The
Hope Now alliance of mortgage lenders, servicing companies and counselors,
the group coordinating the mortgage industry's response to the tsunami
wave of foreclosures, said its members helped work out 1,035,000 mortgage
loans between July 1, 2007 and January 31, 2008. The methods ranged
from rescheduling borrowers' payments to easing the terms of their loans.

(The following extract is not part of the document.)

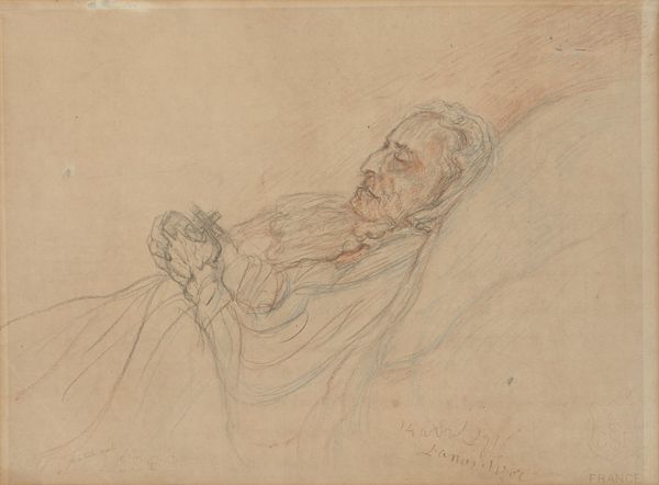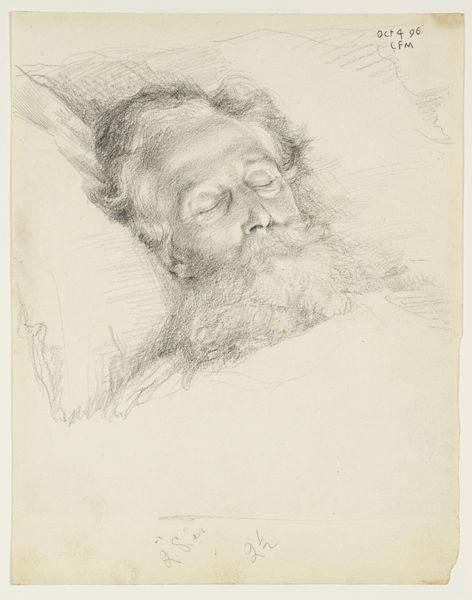 Curator: This drawing, dating from around 1869 to 1925, is titled "Head of an Old Man on his Deathbed" by Antoon Derkinderen. It is crafted with charcoal and pencil. Editor: A stark image. The stark, monochromatic palette and heavy lines evoke a sense of solemnity. The subject appears serene, yet the detail given to his aging face makes it clear that this is no mere slumber. Curator: The choice of medium – charcoal and pencil – is quite fitting. The raw, almost crude texture aligns with the blunt reality of mortality depicted. Derkinderen's approach, focusing on the ephemerality of human existence, invites contemplation about the social attitudes toward death. Editor: Observe how Derkinderen masterfully uses light and shadow to emphasize the contours of the man's face. The chiaroscuro effect creates a sense of depth and draws our gaze towards the finer details. It’s almost sculptural. Consider the textural contrast, too, between the finely rendered hair and beard versus the flatter planes elsewhere. Curator: I am reminded of the late 19th and early 20th-century trend among artists exploring psychological realism, reflecting the working-class experience and concerns about social reform and capturing honest moments in domestic settings. Editor: I appreciate how the lines, despite the sombre tone, flow with ease, lending a remarkable grace to the work. The almost sketch-like quality gives the drawing an immediacy, as if we're witnessing the last fleeting moments of the man’s life unfold. Curator: The artistic skills involved, like how the artist blended materials together, were valued for how clearly an artist can represent real human struggles and societal values during the production and reception. Editor: I was drawn to the rendering of light and texture, which adds a profound sense of poignancy to the scene. This is clearly a deeply evocative visual experience, that showcases a masterful blend of form and content.
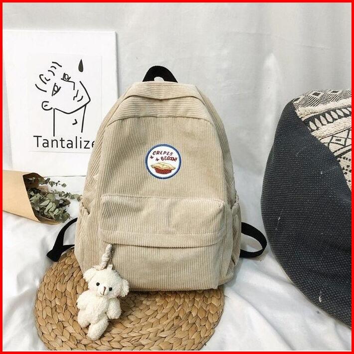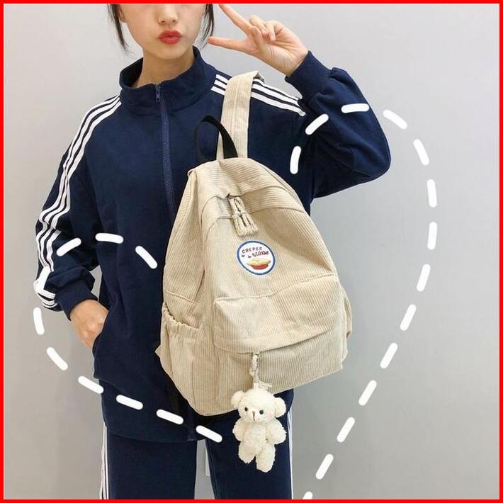 Mismi Flavia Bag Tas Ransel Wanita Korean Style Korduroi Cute School Backpack Perempuan Stylish

A study by the Hope Now alliance said over 1 million homeowners have
received workouts.
Most
of those workouts -- 73% -- involved repayment plans that allow borrowers
to catch up on missed payments or have those missed payments applied
to the balance of their loan. About 27% were loan modifications, in
which the original terms of the loan contract were changed, usually
by reducing the interest rate, forgiving a portion of the principal
or extending the maturity of the loan.Mortgage companies say that these
loan modifications are more difficult because they involve breaking
a contract between borrower and investor.
Loan modifications,
which can include freezing interest rates on an adjustable-rate loan,
made up almost 50 percent of subprime loan workouts in January, up from
35 percent in the fourth quarter and 19 percent in the third quarter
of 2007.
In January, mortgage
companies began implementing a program introduced in December 2007 by
the mortgage industry and U.S. Treasury Secretary Henry Paulson to freeze
interest rates for some subprime borrowers for five years, the alliance
said.
Speaking at the Independent
Community Bankers of America conference in Orlando, Florida, Federal
Reserve Chief Ben Bernanke said the current turmoil in the housing
market calls for a "vigorous response." Rising foreclosures
threaten to worsen the problems of the housing market and the national
economy, which is already in or on the verge of a recession, depending
on whom you ask.
"Reducing the
rate of preventable foreclosures would promote economic stability
for households, neighborhoods and the nation as a whole. Although
lenders and services have scaled up their efforts and adopted a wider
variety of loss-mitigation techniques, more can, and should, be done."
Although most of
the mortgage loan modifications recently have focused on fixing or
freezing the interest rate on a borrower's loan, Mr. Bernanke said
a reduction in the principal might be more appropriate. Specifically,
with many borrowers owing more on their home than the value of their
mortgage, "a reduction in principal may increase the expected
payoff by reducing the risk of default."